US-Extraterritorialität

Informationsweise ein Urteil des Supreme Court , welches auch im Wirtschaftsverkehr von Relevanz  ist, da es wenigstens einmal auch der Vorliebe unterer U.S.amerikanischer Bundesgerichte und dem Drang vieler dortiger Richter zur Extraterritorialität (Anwendung U.S.Recht auf Sachverhalte außerhalb der USA) Einhalt gebietet, sich unter Berufung auf den Alien Tort Claims Act auch für Entschädigungsklagen wegen behaupteter Menschenrechtsverstöße im Ausland, an denen ausländische Unternehmen beteiligt gewesen seien oder von denen sie profitiert haben sollen, zuständig zu erklären, wenn die Klage ansonsten jeder Rechtsgrundlage entbehrt.
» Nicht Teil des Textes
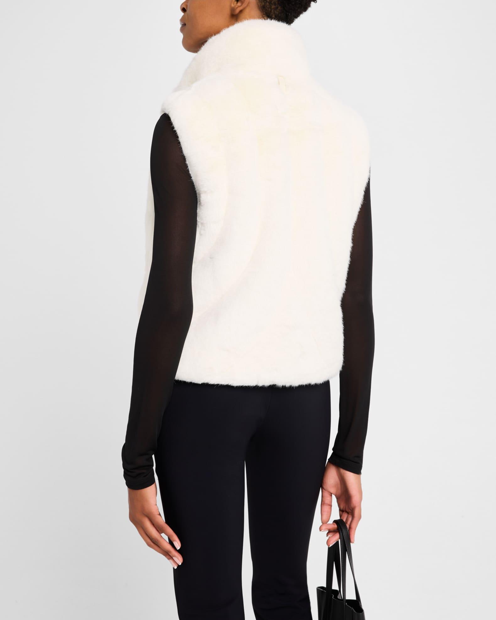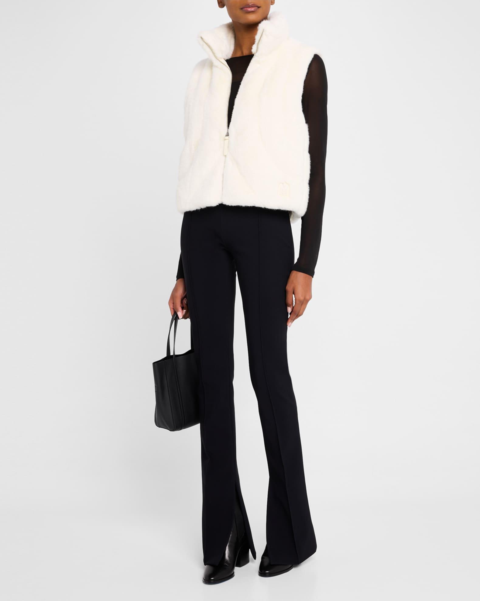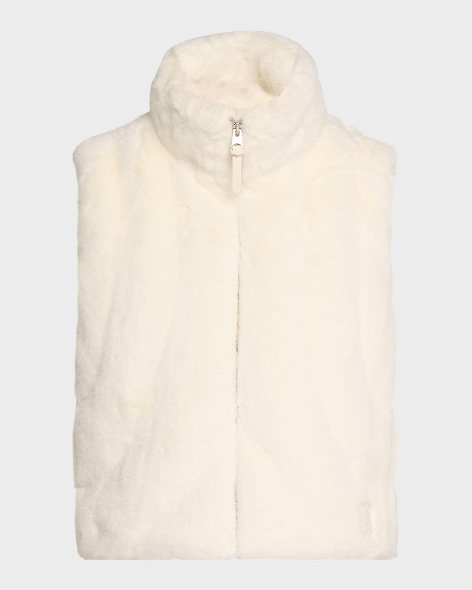 Mackage "Ginny" brushed faux fur vest designed with rounded graphic down channeling Approx. 21.3"L from shoulder to hem Stand collar Center front zip closure Sleeveless Insulated hidden side seam pockets Inner welt pocket with zipper Signature "M" logo patch at left waist Regular fit Polyester Lining: Recycled polyester Fill: Feather/Down 750+ fill power; up to +5ºc Dry clean, leather method dry cleaning Imported Model is 5'10"/177cm.

Sosa v. Alvarez-Machain; Az.: 03-339 vom 29. Juni 2004: Der Oberste Gerichtshof der Vereinigten Staaten entschied, dass Ausländer nicht uneingeschränkt berechtigt sind, in den USA andere Ausländer für im Ausland begangene Handlungen zu verklagen. Dr. Humberto Alvarez-Machain wurde 1990 aus seiner Praxis in Mexiko von Mexikanern im Auftrag der US-Drogenbehörde entführt und in EI Paso, Texas, von US-Agenten verhaftet. Daraufhin wurde er in Los Angeles angeklagt, am Tod eines US-Agenten in Mexiko beteiligt gewesen zu sein. Nach seinem Freispruch verklagte Alvarez-Machain die US-Regierung und Jose Sosa, einen ehemaligen mexikanischen Polizisten, der die Entführung ausgeführt hatte. Das Berufungsgericht in Kalifornien entschied, dass Alvarez-Machain gegen Sosa eine Entschädigung in Höhe von USD 25.000 zustehe und er gegen die Bundesregierung gerichtlich vorgehen könne, weil die Entführung in den USA geplant worden sei und die Bundesdrogenbehörde ohne Ermächtigung gehandelt habe. Die Entscheidung wurde nunmehr vom Supreme Court aufgehoben. Der amerikanische Alien Tort Claims Act, ein totgeglaubtes Gesetz gegen die Piraterie, dem erst seit Kurzem wieder Leben eingehaucht wird, gebe Alvarez-Machain kein Recht zu klagen. Die Entscheidung ist von erheblicher wirtschaftlicher Bedeutung, weil seit einigen Jahren dieses uralte Gesetz als Grundlage für beträchtliche Entschädigungsklagen wegen behaupteter Menschenrechtsverstöße im Ausland, an denen ausländische Unternehmen beteiligt gewesen seien oder von denen sie profitiert haben sollen, herangezogen wird, wenn die Klage ansonsten jeder Rechtsgrundlage entbehrt; siehe beispielsweise Herero v. Deutsche Bank (Bundesberufungsgericht für den District of Columbia; Az.: 03-7110 vom 11. Juni 2004.)